The Amer Power Station is currently burning around 1 million tonnes of wood pellets a year, but RWE wants to scale this up to 2.5 million tonnes, ahead of a full conversion. RWE’s nature permit for increasing biomass burning to 2.5 million tonnes is on hold subject to a court ruling on a challenge by the Dutch NGO Mobilisation for the Environment. The Eemshaven Power Station has been granted a permit to co-fire 1.6 million tonnes of pellets annually.
Lack of transparency in pellet sourcing
Actual figures as to how many pellets RWE has been burning over the past year have not been published. More concerningly, RWE refuses to disclose any information as to where the pellets it burns in the Netherlands come from.
Only two pieces of information are publicly available about RWE’s pellet sourcing, from sources other than the company itself: Until January 2024, RWE was buying substantial quantities of pellets from the world’s largest pellet producer Enviva, as well as engaging in speculative trading with the company to optimise earnings from pellets. It then cancelled the contract and made a claim for €349 against Enviva, following which the pellet producer petitioned for bankruptcy. Graanul Invest, Europe’s largest pellet producer, has been listing RWE as a customer for many years.
Otherwise, the only information available to the public comes from trade statistics. Those show that the Netherlands has been importing wood pellets (in order of quantities) from the southeastern USA, Malaysia, Vietnam, the Baltic States, Belgium, and Canada (British Columbia, New Brunswick and Nova Scotia). The southeastern USA accounts for the overall majority (56% between July 2023 and June 2024) of all pellets imported to the Netherlands. All or some of the pellets imported from Belgium may be traded from third countries.
Other major pellet consumers, Uniper and Onyx Power (owned by Enviva’s largest shareholder, Riverstone Holdings) together are co-firing around 900,000 tonnes of pellets in their coal power stations in the Netherlands, hence most of the pellet imports to the Netherlands can be attributed to RWE. Domestic use of wood pellets is insignificant in the Netherlands.

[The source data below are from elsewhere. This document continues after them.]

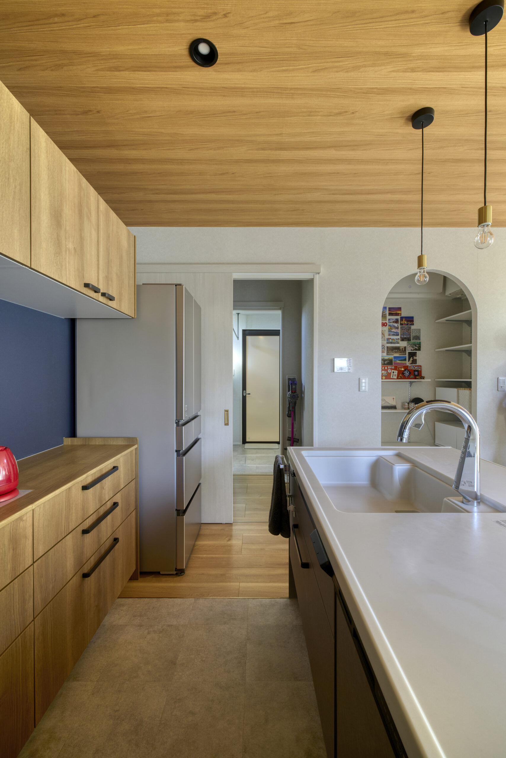 アーチ状の開口が、パントリーに特別な表情を。開放的でありながら、角が取れた優しいデザインが、空間に柔らかなリズムを生み出し、LDK全体の上質な雰囲気に。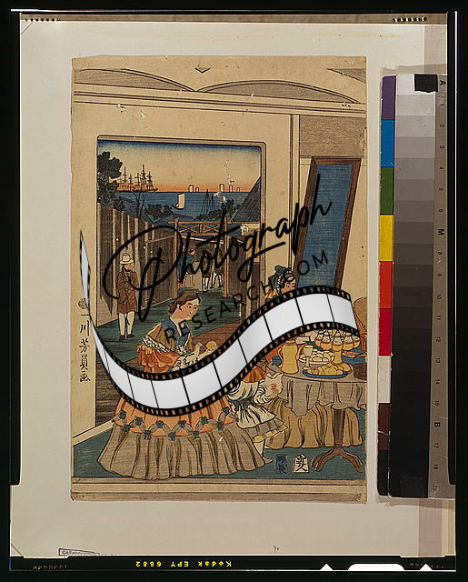 Yokohama ijin yashiki no zu,1861,Yoshikazu Utagawa,Japanese,Photo,Kitchen,food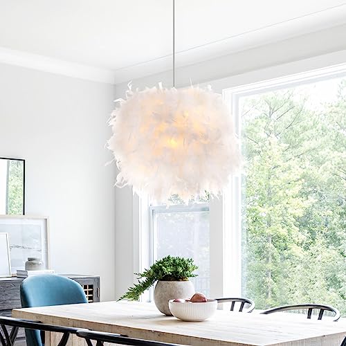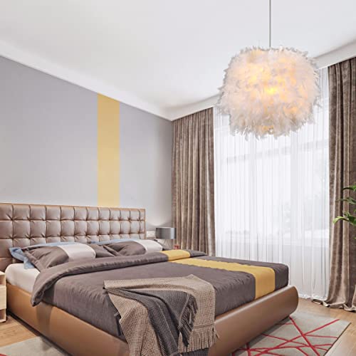 Riserva Lampada a Sospensione Lampadario Piuma Moderna Plafoniera Sferico Creativa E27 Illuminazione con Linea Regolabile, MAX 60W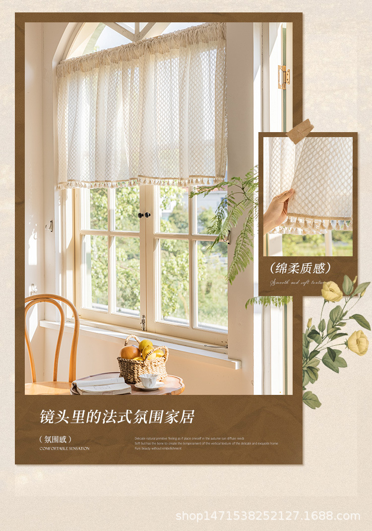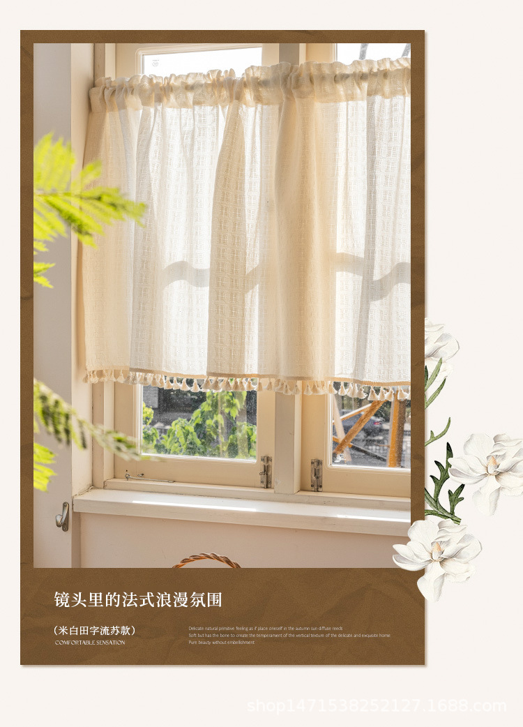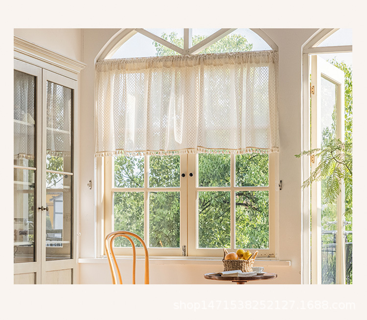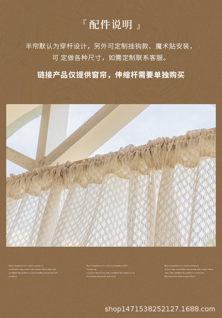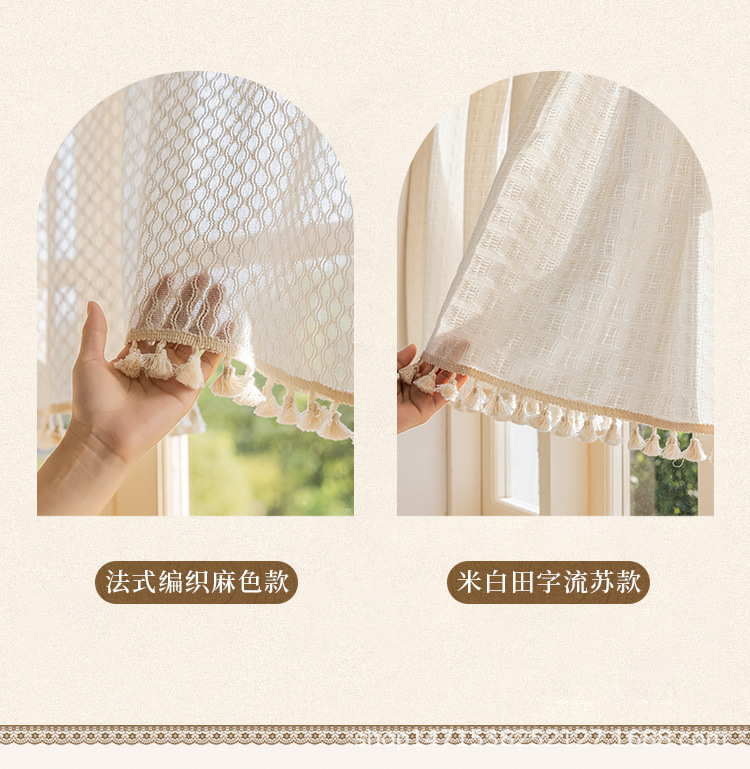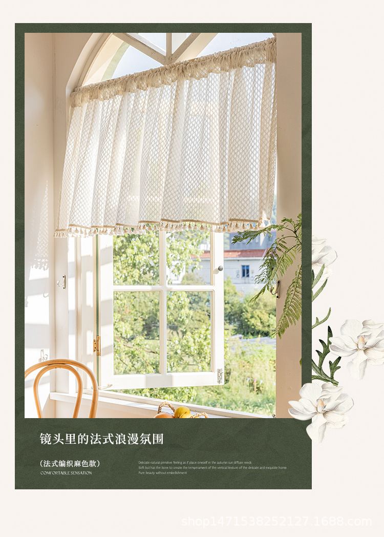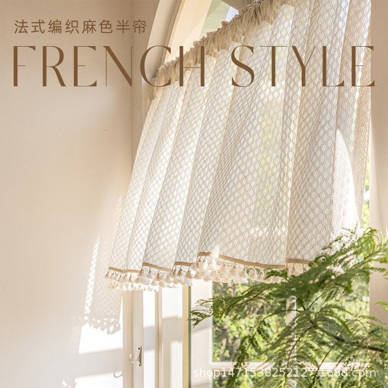 프랑스 레이스 투명 스크린 커튼 창 장식 레트로 짠 질감 반 커튼 파티션 도어 커튼 격자 짧은 커튼 술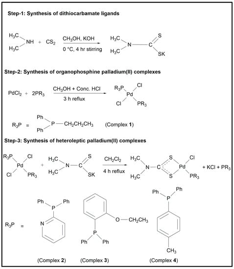 - Khan, H.; Badshah, A.; Said, M.; Murtaza, G.; Ahmad, J.; Jean-Claude, B.J.; Todorova, M.; Butler, I.S. Anticancer metallopharmaceutical agents based on mixed-ligand palladium (II) complexes with dithiocarbamates and tertiary organophosphine ligands. Appl. Organomet. Chem. 2013, 27, 387–395. [Google Scholar] [CrossRef]

Pellets imported to the Netherlands - most of which go to RWE - come from countries and regions where pellets are routinely made from trees that have been clearcut in biodiverse forests, and (in the case of Vietnam) from tree plantations established at the expense of rainforest destruction. Especially in the southeastern USA, pellet plants are disproportionately located next to communities living with a high level of deprivation as well as other sources of harmful pollution. For the climate, burning wood for energy is no less harmful than burning coal (per MWh of energy generated).
Environmental and climate impacts
Impact on human rights and communities
Impacts from air pollution: Production of wood pellets for biomass is associated with air pollution and wood dust pollution. Long-term exposure to wood dust is linked to allergic and non-allergic respiratory and nasal disease and with dermatitis as well as two rare cancers. Studies have focussed on occupational exposure, however people living close to pellet plants can be exposed to significant levels of wood dust over long periods.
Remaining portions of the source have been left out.